EXERCISE REQUIREMENTS
Copy nothing but the lines below, from the one with "KALİTE YÖNETİM SİSTEMİ BELGESİ" through the one with "L'appartement se compose", exactly as written; no pictures should appear.

INFORMATION PROVIDED
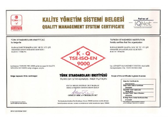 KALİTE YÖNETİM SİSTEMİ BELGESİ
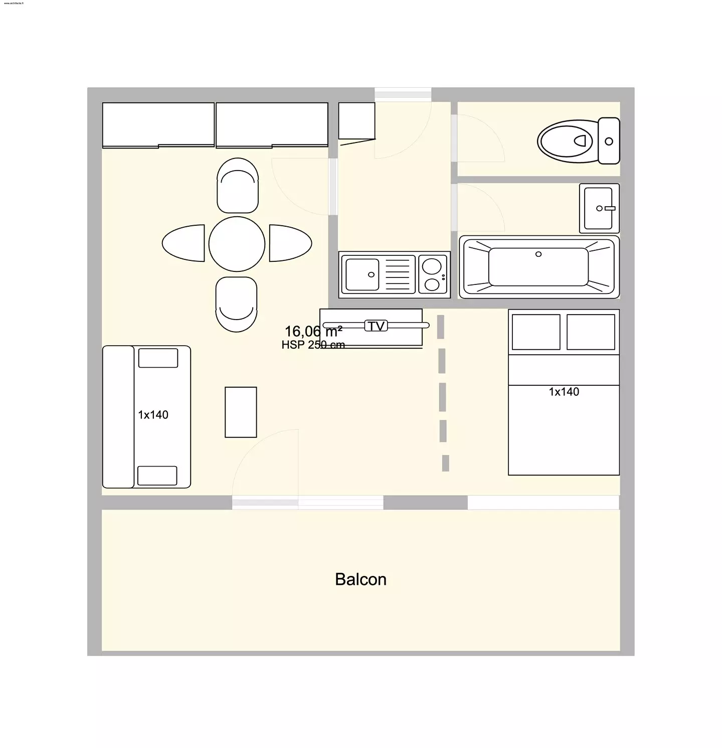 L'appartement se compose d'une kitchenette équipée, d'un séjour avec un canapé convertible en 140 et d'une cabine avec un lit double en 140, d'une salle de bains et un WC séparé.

--

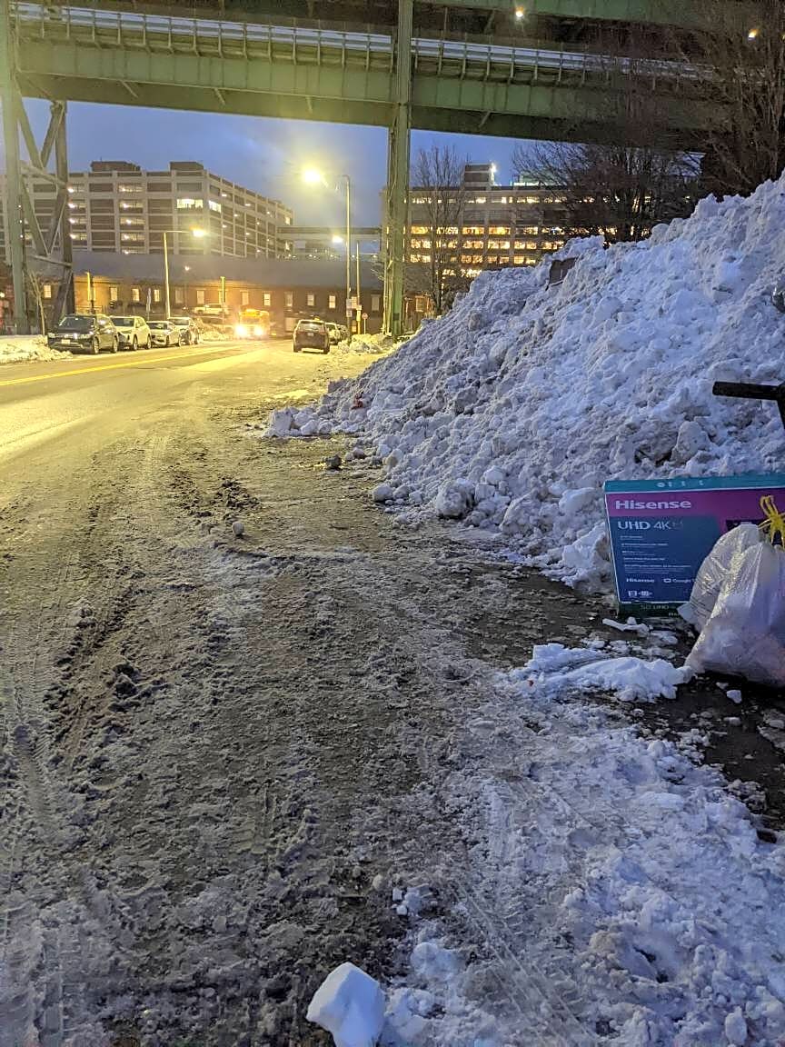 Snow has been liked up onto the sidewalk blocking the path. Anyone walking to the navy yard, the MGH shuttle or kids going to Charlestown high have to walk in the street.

---

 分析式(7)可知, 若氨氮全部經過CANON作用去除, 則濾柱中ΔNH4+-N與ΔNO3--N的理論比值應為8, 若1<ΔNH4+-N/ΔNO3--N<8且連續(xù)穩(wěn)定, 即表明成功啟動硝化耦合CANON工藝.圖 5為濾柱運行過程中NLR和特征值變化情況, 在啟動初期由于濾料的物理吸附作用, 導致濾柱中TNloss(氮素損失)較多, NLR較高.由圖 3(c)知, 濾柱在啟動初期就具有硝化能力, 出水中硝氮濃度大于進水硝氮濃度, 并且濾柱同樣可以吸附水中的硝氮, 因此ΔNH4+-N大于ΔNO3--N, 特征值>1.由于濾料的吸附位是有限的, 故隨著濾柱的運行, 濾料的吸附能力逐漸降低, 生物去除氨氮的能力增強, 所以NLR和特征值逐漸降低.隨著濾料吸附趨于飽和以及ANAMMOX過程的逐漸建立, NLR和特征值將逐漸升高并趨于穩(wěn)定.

ANSWER BELOW
 KALİTE YÖNETİM SİSTEMİ BELGESİ
 L'appartement se compose d'une kitchenette équipée, d'un séjour avec un canapé convertible en 140 et d'une cabine avec un lit double en 140, d'une salle de bains et un WC séparé.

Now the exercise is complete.